Preterm birth is a major cause of perinatal mortality and morbidity. Cyclo-oxygenase (COX) inhibitors inhibit uterine contractions, are easily administered and have fewer maternal side-effects compared to conventional tocolytics. However, adverse effects have been reported on the fetus and newborn as a result of exposure to COX inhibitors.

OBJECTIVES:

To assess the effects on maternal, fetal and neonatal outcomes of COX inhibitors administered as a tocolytic agent to women in preterm labour when compared with (i) placebo or no intervention and (ii) other tocolytics. In addition, to compare the effects of non-selective COX inhibitors with COX-2 selective inhibitors.

SEARCH STRATEGY:

We searched the Cochrane Pregnancy and Childbirth Group's trials register (August 2004). We also contacted recognised experts and cross referenced relevant material.

SELECTION CRITERIA:

All published and unpublished randomised trials in which COX inhibitors were used for tocolysis for women in labour between 20 and 36 completed weeks' gestation.

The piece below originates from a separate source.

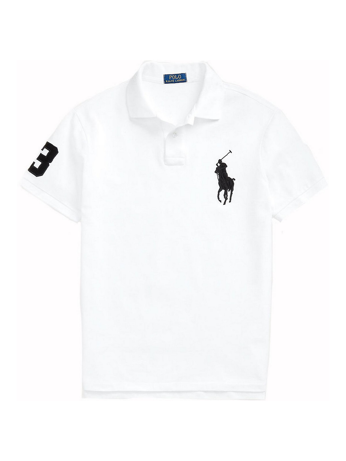Polo Ralph Lauren in piqué personalizzata slim fit che abbraccia i bicipiti e si adatta perfett.mes nte alla vita. Colletto polo a coste, chiusura a due bottoni, maniche corte con polsini a coste, numero 3 in twill applicato sulla manica destra, orlo posteriore più lungo. esclusiva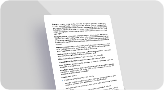 105 Emergency means a medical condition manifesting itself by acute symptoms of sufficient severity (including severe pain) so that a prudent layperson, who possesses an average knowledge of health and medicine, could reasonably expect the absence of immediate medical attention to result in placing the health of the individual (or, with respect to a pregnant woman, the health of the woman or her unborn child) in serious jeopardy; serious impairment to bodily functions; or serious dysfunction of any bodily organ or part. Emergency Services include medical screening e xaminations within the capability of the emergency department of a hospital, including ancillary services routinely available to the emergency department to evaluate such emergency medical condition, and other further medical examination and treatment, to the extent they are within the capabilities of the staff and facilities available at the hosp ital to stabilize the patient. Employee means a person who is actively working for an Employer in a covered position and on whose behalf the Employer makes the re quired contributions to Plan. An unincorporated sole proprietor or partner in a partnership cannot be treated as an Employee und er the Plan. Employer means any Employer obligated under a collective bargaining agreement or other signed agreement to make co ntributions to the Plan on its Employees’ behalf. ERISA means the Employee Retirement Income Se curity Act of 1974, as amended. Extended Care Facility means an institution that is a pproved as such under Medicare. Home Health Care is medical care that is fu rnished by or through a Home Health Agency to a participant in the participant’ s home. Home Health Agency means an agency that provides Home Health Care services that (1) meets any legal licensing required by the state or other locality in which it is loca ted; or (2) qualifies as a participating Hom e Health Agency under Medicare. Hospice Care is care that: • Is furnished or arranged by a Hospice Care Program; • Is provided as part of a coordinated plan of home and inpatient care designed to meet the special n eeds of the terminally ill patient and the family unit due to the terminal illness; • May include medical care, palliative care, respite care, and medical social services for the terminally ill patient; and • May include medical social services and bereavement counseling for the family unit. Hospice Care Program means an agency, facility, or organization that provides care for terminally ill patients and meets established standards, including certification by the National Hospice Organization, Medica re, and any legal licensing required by the state or other locality in which it is located. Illness means a disease or disorder resulting in an unsound condition of the mind or body. Injury means a wound or damage to the body sustained by accident or throu gh external force. Inpatient and Outpatient refer either to the setting in which medical care is given or to a person who is receiving care in that se tting. • When these terms describe the setting in which medical care is given: − Inpatient means that the care is furnished to a person while the person is confined in a facility as a registered bed patient and is being charged a fee for inpatient room and board; and − Outpatient means that the care is furnished to a person while the person is not so confined. • When these terms refer to a person who is receiving medical care:

DATA COLLECTION AND ANALYSIS:

Three authors independently evaluated methodological quality and extracted data. We sought additional information from trial authors.

MAIN RESULTS:

This review includes outcome data from 13 trials with a total of 713 women. The non-selective COX inhibitor, indomethacin was used in 10 trials. When compared with placebo, COX inhibition (indomethacin only) resulted in a reduction in birth before 37 weeks' gestation (relative risk (RR) 0.21; one trial, 36 women), an increase in gestational age (weighted mean difference (WMD) 3.53 weeks) and birthweight (WMD 716.34 gm; two trials, 67 women). Compared to any other tocolytic, COX inhibition resulted in a reduction in birth before 37 weeks' gestation (RR 0.53; three trials, 168 women) and a reduction in maternal drug reaction requiring cessation of treatment (RR 0.07; five trials and 355 women). A comparison of non-selective COX inhibitors versus any COX-2 inhibitor (two trials, 54 women) did not demonstrate any differences in maternal or neonatal outcomes. Due to small numbers, all estimates of effect are imprecise and need to be interpreted with caution. Potential adverse effects of COX inhibition on the fetus, newborn or mother could not be adequately assessed due to insufficient data.

AUTHORS' CONCLUSIONS:

There is insufficient information on which to base decisions about the role of COX inhibition for women in preterm labour. Further well designed trials are needed.

PMID:
15846626
DOI:
10.1002/14651858.CD001992.pub2
[Indexed for MEDLINE]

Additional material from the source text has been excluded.